Bankruptcy is a difficult and important decision for those facing financial struggles. Unfortunately, there are plenty of lingering myths out there that may perpetuate the hesitancy some people face in moving forward with their bankruptcy case. While this blog will discuss other myths from time to time, this post addresses and debunks three common bankruptcy myths.
Bankruptcy is the result of financial irresponsibility.
Hardly. Some filers might be guilty of this, but the majority of people who wind up in serious financial hardship never intended to do so, and some may have once had a good handle on their finances. Most people file for bankruptcy as the result of long-term unemployment, divorce, accident or illness, or some other unexpected event.
Bankruptcy wipes out all debt.
No. Whether or not a debt is discharged or reorganized depends on the type of bankruptcy case filed. It is true that in Chapter 7, you can have almost any type of debt discharged more easily than other types of bankruptcy. However, one thing all bankruptcies have in common is the fact that certain debts are not 100% dischargeable.

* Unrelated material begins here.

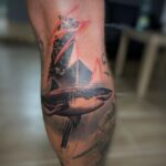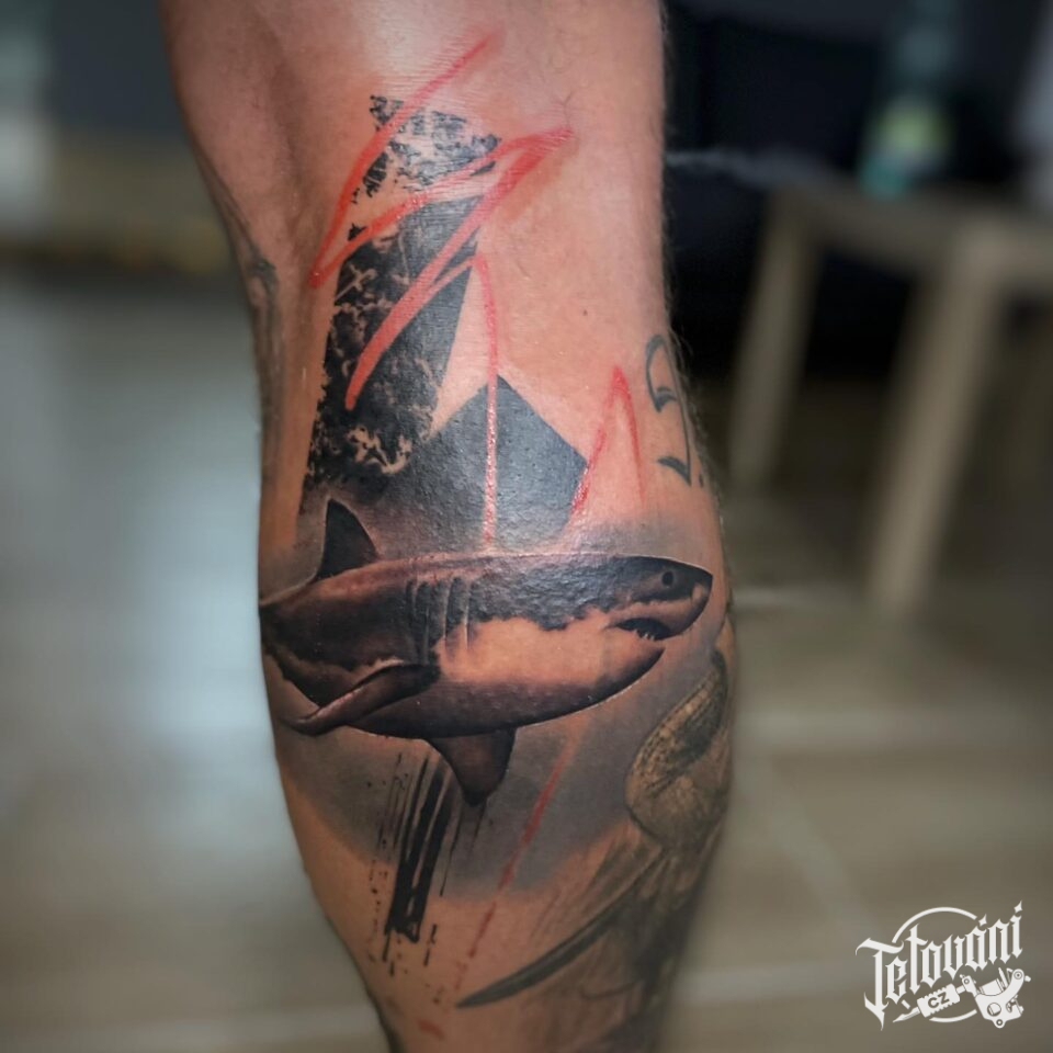 Tetování zvíře, žralok, tvary na lýtko
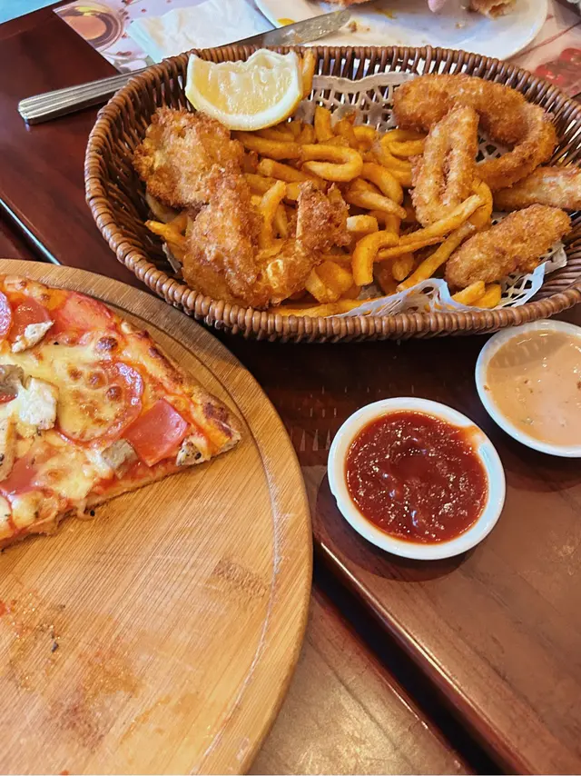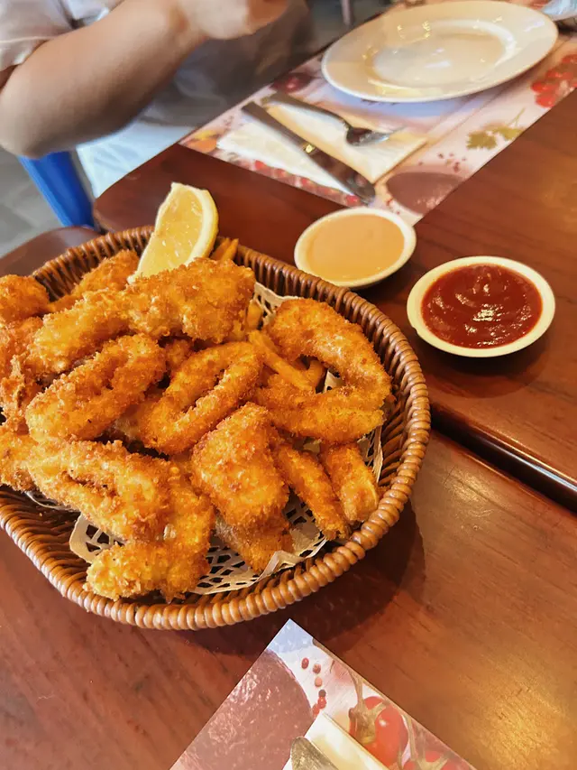 呢度嘅海鮮大會一開始我仲以為係就咁煮出來 原來係炸物雜燴(海鮮版)配有半個檸檬可以擠D汁清香D 仲有千島醬同茄汁可以點 分別係魚柳 魷魚圈 蝦同埋薯條 不過海鮮入面冇乜味 但係薯條就好正!薯條係幼身 但係超脆同埋鹹味好突出好正!彎曲嘅外表配上外面嘅炸粉有小小辣令人停唔到手🤣

While some student loan and tax debts are discharged, the majority are not. And any alimony or child support obligations will not be consider as a part of your case.
It is a good idea to run up debt prior to filing bankruptcy because you will not have to pay the debt.
Actually, no. If you intentionally go out and max out a credit card, or run up debt in any other way, knowing you are going to file bankruptcy, the court will consider this fraud and you will still be held liable for the debt.